Вот среди двенадцати сыновей и предстояло ему выбрать наследника, ибо в литовском княжеском доме (так повелось с Гедимина) наследника назначал сам прежний государь. И из всей этой дюжины избрал Ольгерд не старшего, Андрея, не Дмитрия, а младшего, сына Ульянии, Ягайлу. И ему оставлял – готовился оставить – это все: город, княжество, власть над обширною, завоеванной им и отобранной у татар землею русичей от моря и до моря… А ведь с чего началось, с какой малости началось! И сейчас бы, при смерти, порадовать ему, но – не было радости! Не была сокрушена Польша, ни венгерский король, ни Москва – а без того все его приобретения зыбки, как вечерний туман над болотом, и могут растаять, уплыть, просочиться, словно вода в песок… Почему никогда прежде – никогда! – не чуял он этой временности, мгновенности земного существования? И – только теперь! Когда поздно, все поздно!
…Вот сейчас взойдет русский поп. И – успокоит? Даст увидеть нечто, о котором постоянно толкуют они в своих церквах?! Он не мог уже насмешничать. Жизнь уходила из него, как вода из разбитого кувшина, жизнь уходила, как вода… Он долго жил и много содеял, но оказалось, и жизни, и дел не хватило ему!
Целебное питье помогало только на время. Он голодным, обострившимся взглядом вперялся в лица слуг, искал за личиною внешней заботливости радость о его смерти. Он никому не верил и теперь, на ложе смерти своей!

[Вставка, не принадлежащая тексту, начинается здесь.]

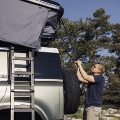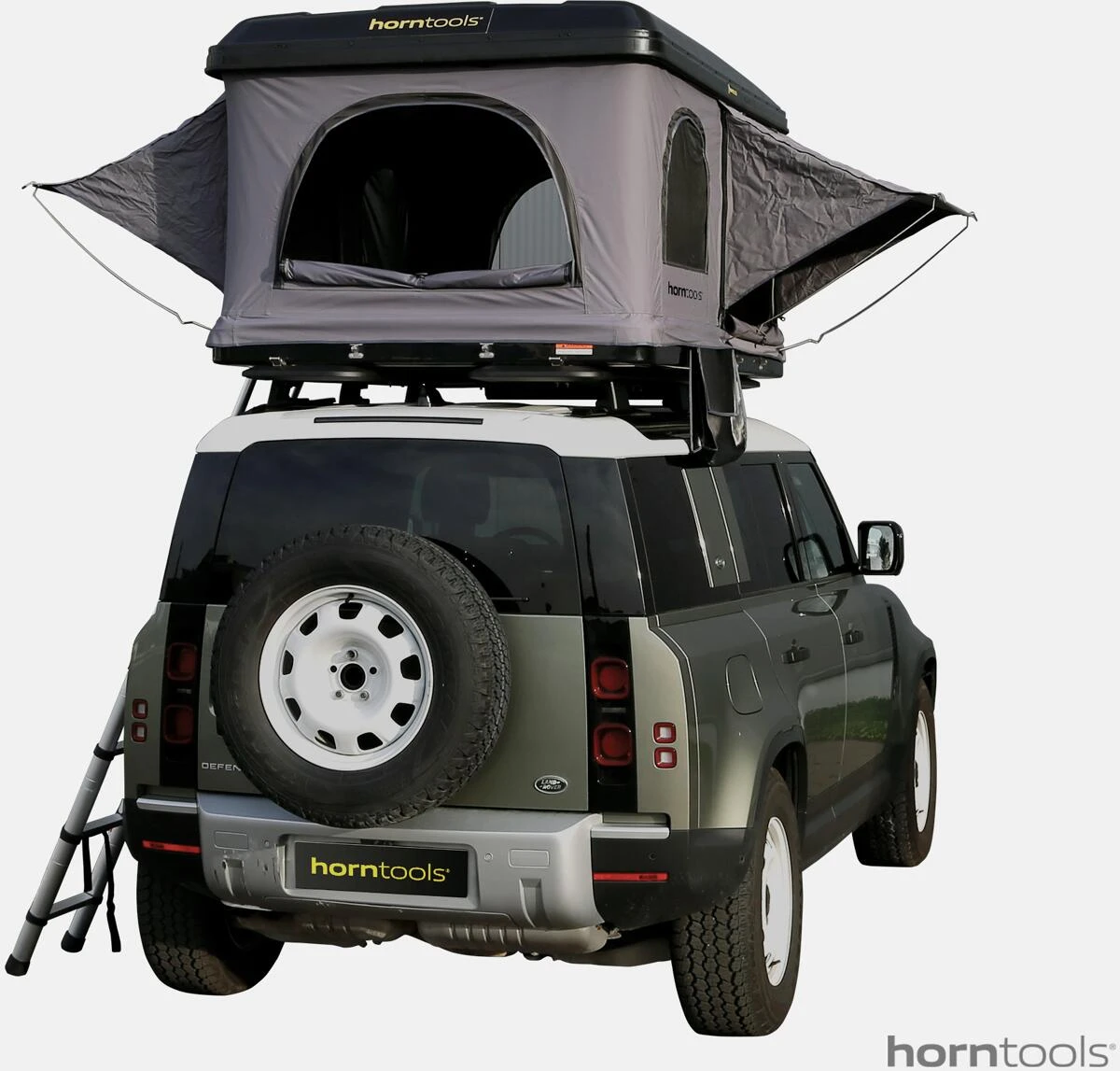 Das neue ABS Hartschalen Dachzelt aus dem Hause horntools. Mit 3 überdachten Eingängen und 3 separaten Fenstern, hast du eine tolle Aussicht und schaffst ein angenehmes Raumklima im Zelt. Der isolierte Boden und Himmel verhindern Kondenswasser.

Ульяния, вечно упрямо бившаяся с ним ради своих поповских дел, и теперь хлопочет о том же, дабы окрестить его в свою веру хотя бы перед могилой. Хлопочет о детях, о Ягайле, который – да! – нравился ему, как котенок-игрун, но удержит ли он власть в обширной стране?
…Они вошли толпою: Ульяния, Ягайло, раб Войдыло и Анна, и Ольгерд устало отметил неподобье того, что княжеская дочь пришла чуть ли не вместе с рабом, забравшим силу при дворе, сановным и властным, но все же рабом, коему и боярский чин не прикрыл его подлого происхождения! Но уже и все равно было. Пускай решают сами. Он взял Ягайлу за руки, долго смотрел, вглядываясь, в это лицо. Теперь, почти уже с той стороны жизни, из дали дальней, из которой никто еще не возвращался назад, увидел мелочность, узрел злобность и самомнительность, узрел откровением, данным умирающему, что этот мальчик будет игрушкой в чужих руках, в руках того же Войдылы, в руках бояр, католических ксендзов, немцев, двоюродного брата Витовта, будущей жены… И в эти руки вложил он судьбу земли, судьбы содеянного им!
К кому воззвать?! Даже и теперь, согласясь принять вторично святое крещение, умирающий Ольгерд не верил в Бога.
Он обозлился. От злости почуял себя лучше. Почуяв лучше, узрел привычное
– любимого сына, верного раба, коего содеял он боярином, заботливую жену…
– Почему не едет Кейстут? – вопросил, и в голосе прозвучали отзвуки былой властной силы.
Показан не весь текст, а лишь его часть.